Виктория, молчавшая все это время, вдруг тряхнула головой и сказала:
— Нет. Не могу поверить. Где доказательства?
Сигизмунд устало потер глаза. Поднял голову. И вдруг уткнулся взором в странную вещь. Не сразу даже понял, что это такое.
С люстры свисала петля, сделанная из бельевой веревки.
— А это еще что?
— Это, — гордо поведала Аська, — я вешаться хотела. В последний миг передумала. Чудо спасло!
— Итак, — сказала Вика, докурив третью сигарету. — Резюмируем. Твой дед, товарищ Стрыйковский, сталинский прихвостень и создатель ГУЛАГа, построил адского монстра. Потом состряпал комплот и с тем почил. Боевой товарищ дедушки, мирный пенсионер-заговорщик, шантажом и угрозами вовлек тебя в дедушкин заговор, и теперь ты влип по уши. Так?
— Так, — мрачно согласился Сигизмунд.
— Что собираешься делать? Отдавать свою квартиру вандалам? А вдруг их сюда целое племя принесет?

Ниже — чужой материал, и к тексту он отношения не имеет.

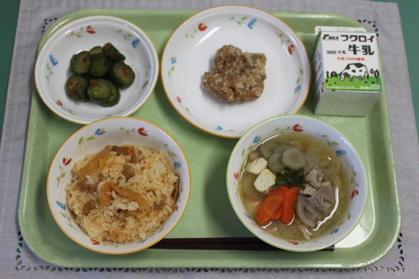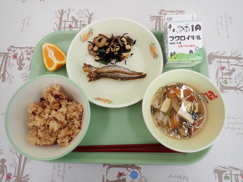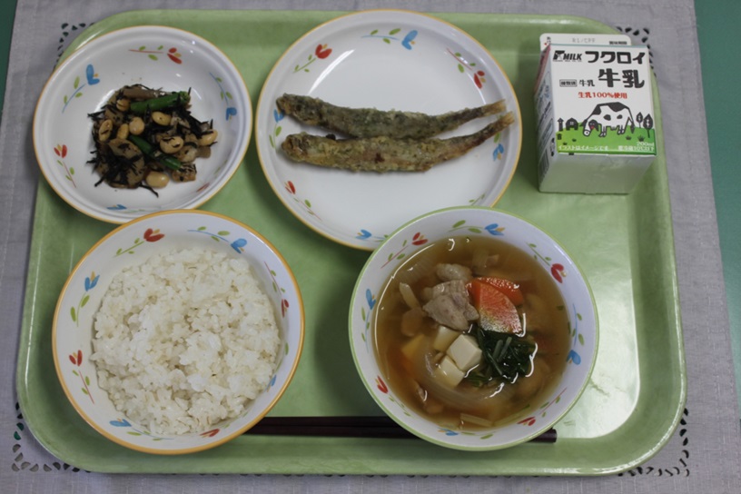 ごもくごはん(アルファかまい)、ぎゅうにゅう、ししゃものあおのりあげ、
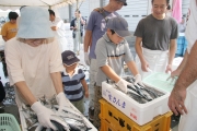 やおやまつり・おさかなまつりで大勢の人気を集めたサンマのつかみ取り=14日 (2008/09/17)

— Запросто, — поддакнула Аська. У нее загорелись глаза. — Надо, Морж, идти в ментовку и каяться. У меня тут было тяжелый период, я каждый день ходила к батюшке в церковь и каялась, каялась… во всем каялась. О чем вспомню, в том и…
— Да нет, какая тут ментовка, — сказал Сигизмунд.
— Слушай, Виктория, — вдруг насторожилась Аська, — а что, если он нас с тобой парит?
— Не парит. Попроси, он тебе доказательства покажет.
— Своди нас лучше в Анахрон, Морж. Ну своди, чего тебе стоит? Там что, пещера Лихтвейса, да? Там есть озеро?
— Колодец. А в колодце злой Горлум.
— Да, — задумчиво сказала Вика, — про ментов лучше забыть. Никто нам не поможет. Против призрака коммунизма не попрешь.
Сигизмунд чувствовал, что засыпает. Усталость брала свое. Аська ткнула его твердым кулачком в плечо.
— Ты, Морж, главное — не ссы. И ни в чем не сознавайся. А если менты тебе подземным Анахроном тыкать начнут с отпечатками — говори, будто случайно нашел. Или еще лучше — кричи, мол, они сами же тебе его и подбросили! Меня раз с марь-иванной взяли, так я…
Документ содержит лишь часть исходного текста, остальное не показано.